Although, the progress made in alleviating extreme poverty has been tremendous so far. Having said that, there are numerous people still facing severe poverty globally and achieving the target of an ending to an extreme level of poverty looks extremely difficult by the year 2030 because the world growth forecasts have been so low (WB 2015).
Achieving a high level of social welfare in the economy is one of the major objectives and targets of any government. But how this social welfare could be achieved is the main problem where there is no or very low poverty in the economy. This objective could be achieved in different ways, and one of them is by spending on public goods and especially those goods and services which are more valuable to the general public. Public sector spends on those public goods and services where the private sector is found underproductive. These public goods may be in the form of social and physical infrastructure. Social infrastructure comprises of education and health while physical infrastructure consists upon roads and highways, energy and irrigation etc. so, when public sector spends on social and physical infrastructure, it creates some long-run positive externalities in the form of educated, skilled and health labor force on one hand side and job creation on other hand side and as a result, the objective of poverty alleviation and long-run economic growth could be achieved.
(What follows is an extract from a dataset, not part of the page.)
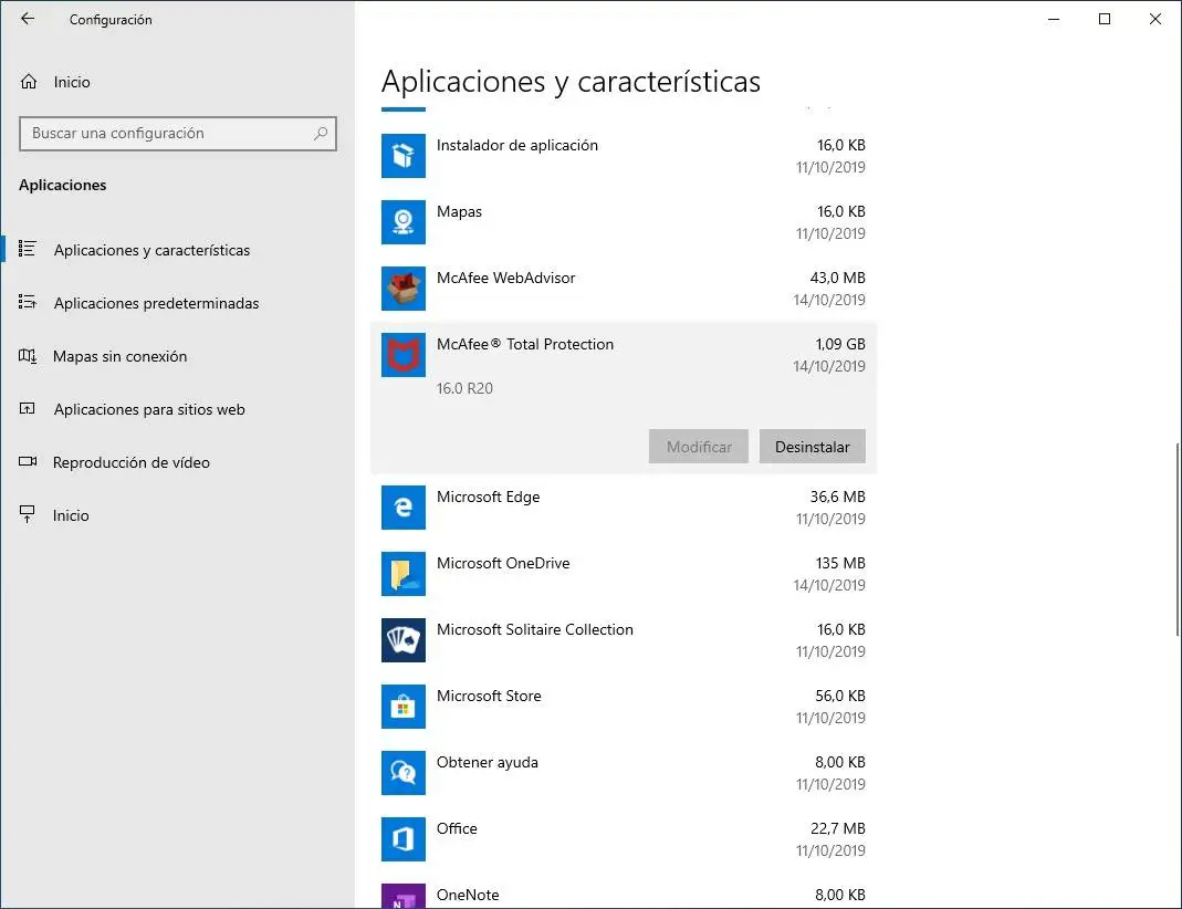 Este antivirus se puede desinstalar de Windows 10 como cualquier otra aplicación. Es decir, podemos ir al apartado de Configuración de Windows 10, ir al apartado «Aplicaciones» y, dentro de «Aplicaciones y características» buscamos la entrada de McAfee, como cualquier otra aplicación.

The rationale for public spending on social infrastructure is when the public sector spends on education; it leads to produce more productive labor which is need of the day for efficient production and rapid economic growth. Educated, skilled and trained labor could be more attractive for producers and more chances of getting a job and therefore fewer chances of being poor.
This research paper is an attempt exploring the nexus of public spending and poverty in the presence of high-level social infrastructure, i.e., education in 20 Asian economies. Our main objective is to empirically examine the indirect impact of public spending on poverty. These Asian economies do not allocate required resources towards education, health and other social services, and the reason is lack of enough resources as well as lesser attention towards such important activities.
In this respect, Asian economies have achieved tremendous progress in their socioeconomic matters in the recent years, but still, there is need to accomplish the goal of rendering poverty as this region contains world’s almost 50% poorest population. The Asian continent is the largest one among all in terms of area as well as it has 60% of world’s population. This region has most of the natural and human resources but still, Asian economies are mostly developing ones, and According to World Bank’s report (2018), out of world’s total 783 million extremely poor who live below the poverty line of US$1.9 a day, about 33% live only in South Asian region, and about 9% live in East Asian region and the Pacific. So, in this context, the current study is of significance focusing on these Asian economies with respect to public expenditure on social infrastructure, i.e., education and health, and further its role in poverty reduction. Panel Data were obtained for these economies. As a limitation of the study, those countries are excluded from the analysis where there is the unavailability of data or many missing observations for the rest of the Asian countries.
Review of Literature
Various studies are there where government role in poverty alleviation and long-run sustainable growth of economies have been addressed. The main tool to tackle poverty is the public policy in the modern world because it is the policy that can be implemented by the government. In this regard, public expenditures are used as a policy for poverty reduction in different ways. These ways might be through investing in social and physical infrastructure, i.e., allocating public funds to education sector, health sector, roads and highways and power generation (Aschauer 1989; Barro 1990; Tazi & Zee 1997).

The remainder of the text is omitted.